Word for word, restate the entries below, but exclude the images.
BEGIN Supplied records
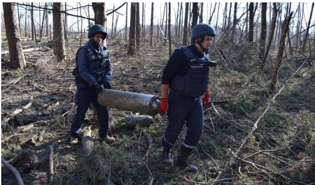
Розмінування. Піротехніки за роботою. Листопад-грудень 2018 р.
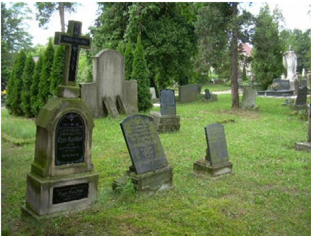
Il. 5. Cmentarz ewangelicki. Rozwiązania kompozycyjne historycznych nagrobków
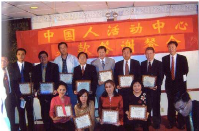
中国人活动中心给捐款人赠送感谢牌
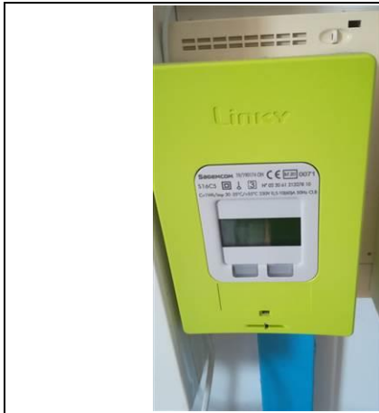
Photo du Compteur électrique
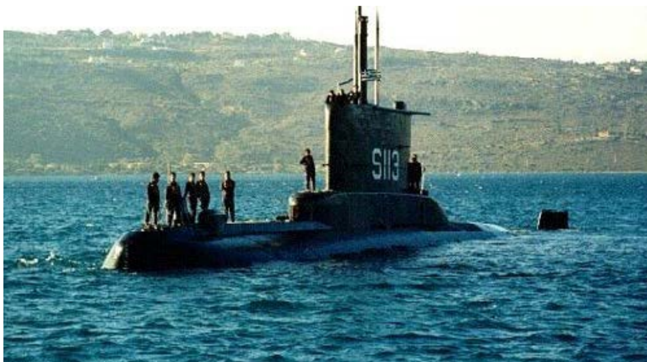
Η μουσειακή παρουσίαση του σύγχρονου «Πρωτέα» αναβιώνει παράλληλα τη μνήμη του ιστορικού υποβρυχίου του 1940, που χάθηκε σε πολεμική αποστολή κοντά στην Κέρκυρα κατά τον ελληνοϊταλικό πόλεμο.
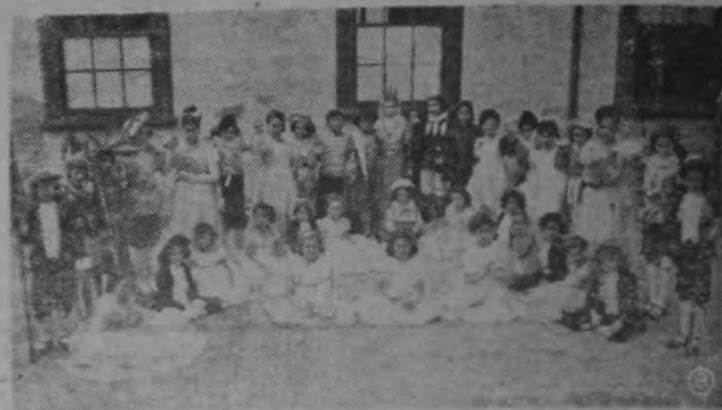
Cuadro evocativo formado por las niñas de la Escuela República del Toró, durante la fiesta realizada en ese plantel con motivo de la celebración del Día de la Raza.—(Foto Arévalo).
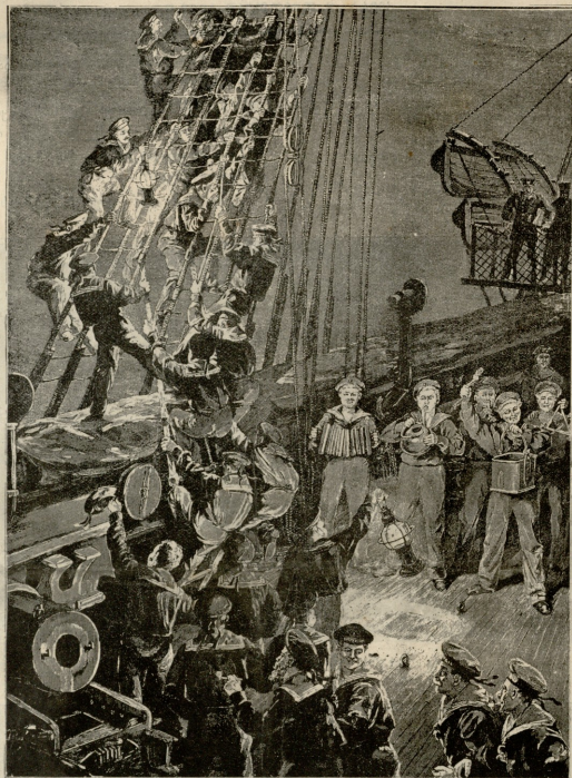
სამშობლო მოჩანს, სამშობლო! — სურათი ღმინდარისა.

— ნუ ვაგვიწორავ, შენი კირიბე ბატონო! — წარბოსთქვა მკვიტებულმა.
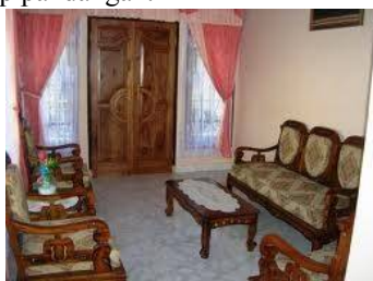
Gambar 3: contoh hijab permanen

Ruang tamu adalah ujung tombak silaturahmi dengan orang diluar keluarga inti yang nonmuhrim . Menurut aturan Islam dikenal adab bertamu dan menerima tamu dengan memperhatikan aturan berhijab bagi laki-laki nonmuhrim . Pada prinsipnya rumah adalah aurat, sehingga tidak dinampakkan pada orang luar, terkait dengan privasi penghuni rumah, karena Islam sangat memperhatikan privasi masing-masing anggota keluarga. Hijab adalah tabir pemisah yang digunakan untuk menghalangi pandangan untuk menjaga kesucian pandangan antar nonmuhrim, dapat berupa hijab permanen maupun non permanen. Gambar 3 menunjukkan contoh pemakaian hijab atau pemisah permanen berupa tembok, sedangkan Gambar 4 menunjukkan contoh pemakaian hijab non permanen berupa tabir pembatas, sketsel, "rono" dalam bahasa jawa. Boleh memakai benda pajangan seperti buffet, almari yang cukup bersifat menutup pandangan.
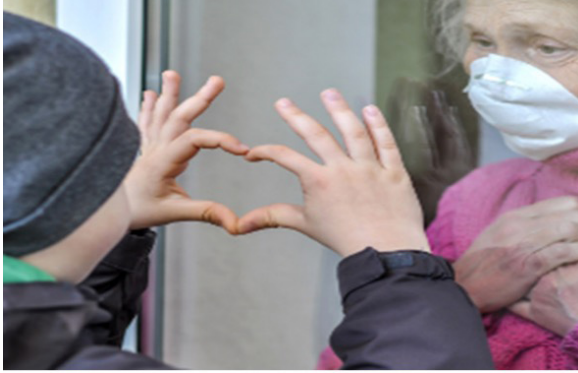
Resim 11. Yaşlı Bir Kadının ve Camın Arkasındaki Çocukla İletişimi, Kaynak: (URL-19).
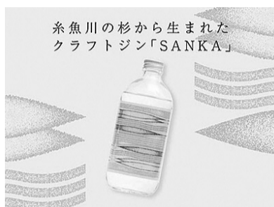
糸魚川の杉から生まれたクラフトジン「SANKA」
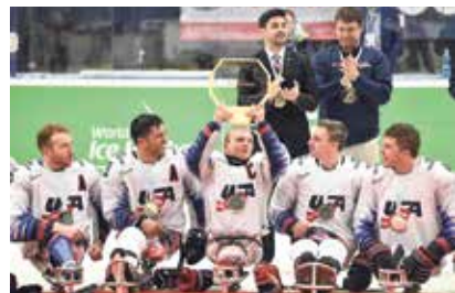
Mistrovský titul vybojovali Američané.
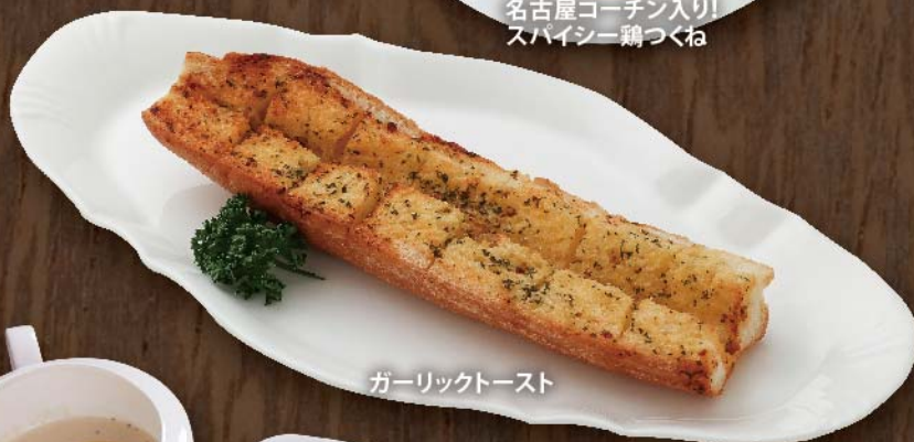
ガーリックトースト
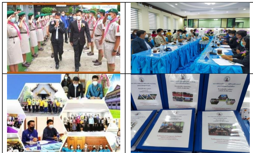
ภาพที่ ๑๘ แสดงการตรวจเยี่ยม กำกับ ติดตาม การนำหลักสูตรต้านทุจริตศึกษาไปบูรณาการในการจัดการเรียนการสอน โรงเรียนเทพนารี อำเภอสูงเม่น จังหวัดแพร่
END Supplied records
▶ [Reply to the task]:
Розмінування. Піротехніки за роботою. Листопад-грудень 2018 р.
Il. 5. Cmentarz ewangelicki. Rozwiązania kompozycyjne historycznych nagrobków
中国人活动中心给捐款人赠送感谢牌
Photo du Compteur électrique
Η μουσειακή παρουσίαση του σύγχρονου «Πρωτέα» αναβιώνει παράλληλα τη μνήμη του ιστορικού υποβρυχίου του 1940, που χάθηκε σε πολεμική αποστολή κοντά στην Κέρκυρα κατά τον ελληνοϊταλικό πόλεμο.
Cuadro evocativo formado por las niñas de la Escuela República del Toró, durante la fiesta realizada en ese plantel con motivo de la celebración del Día de la Raza.—(Foto Arévalo).
სამშობლო მოჩანს, სამშობლო! — სურათი ღმინდარისა.

— ნუ ვაგვიწორავ, შენი კირიბე ბატონო! — წარბოსთქვა მკვიტებულმა.
Gambar 3: contoh hijab permanen

Ruang tamu adalah ujung tombak silaturahmi dengan orang diluar keluarga inti yang nonmuhrim . Menurut aturan Islam dikenal adab bertamu dan menerima tamu dengan memperhatikan aturan berhijab bagi laki-laki nonmuhrim . Pada prinsipnya rumah adalah aurat, sehingga tidak dinampakkan pada orang luar, terkait dengan privasi penghuni rumah, karena Islam sangat memperhatikan privasi masing-masing anggota keluarga. Hijab adalah tabir pemisah yang digunakan untuk menghalangi pandangan untuk menjaga kesucian pandangan antar nonmuhrim, dapat berupa hijab permanen maupun non permanen. Gambar 3 menunjukkan contoh pemakaian hijab atau pemisah permanen berupa tembok, sedangkan Gambar 4 menunjukkan contoh pemakaian hijab non permanen berupa tabir pembatas, sketsel, "rono" dalam bahasa jawa. Boleh memakai benda pajangan seperti buffet, almari yang cukup bersifat menutup pandangan.
Resim 11. Yaşlı Bir Kadının ve Camın Arkasındaki Çocukla İletişimi, Kaynak: (URL-19).
糸魚川の杉から生まれたクラフトジン「SANKA」
Mistrovský titul vybojovali Američané.
ガーリックトースト
ภาพที่ ๑๘ แสดงการตรวจเยี่ยม กำกับ ติดตาม การนำหลักสูตรต้านทุจริตศึกษาไปบูรณาการในการจัดการเรียนการสอน โรงเรียนเทพนารี อำเภอสูงเม่น จังหวัดแพร่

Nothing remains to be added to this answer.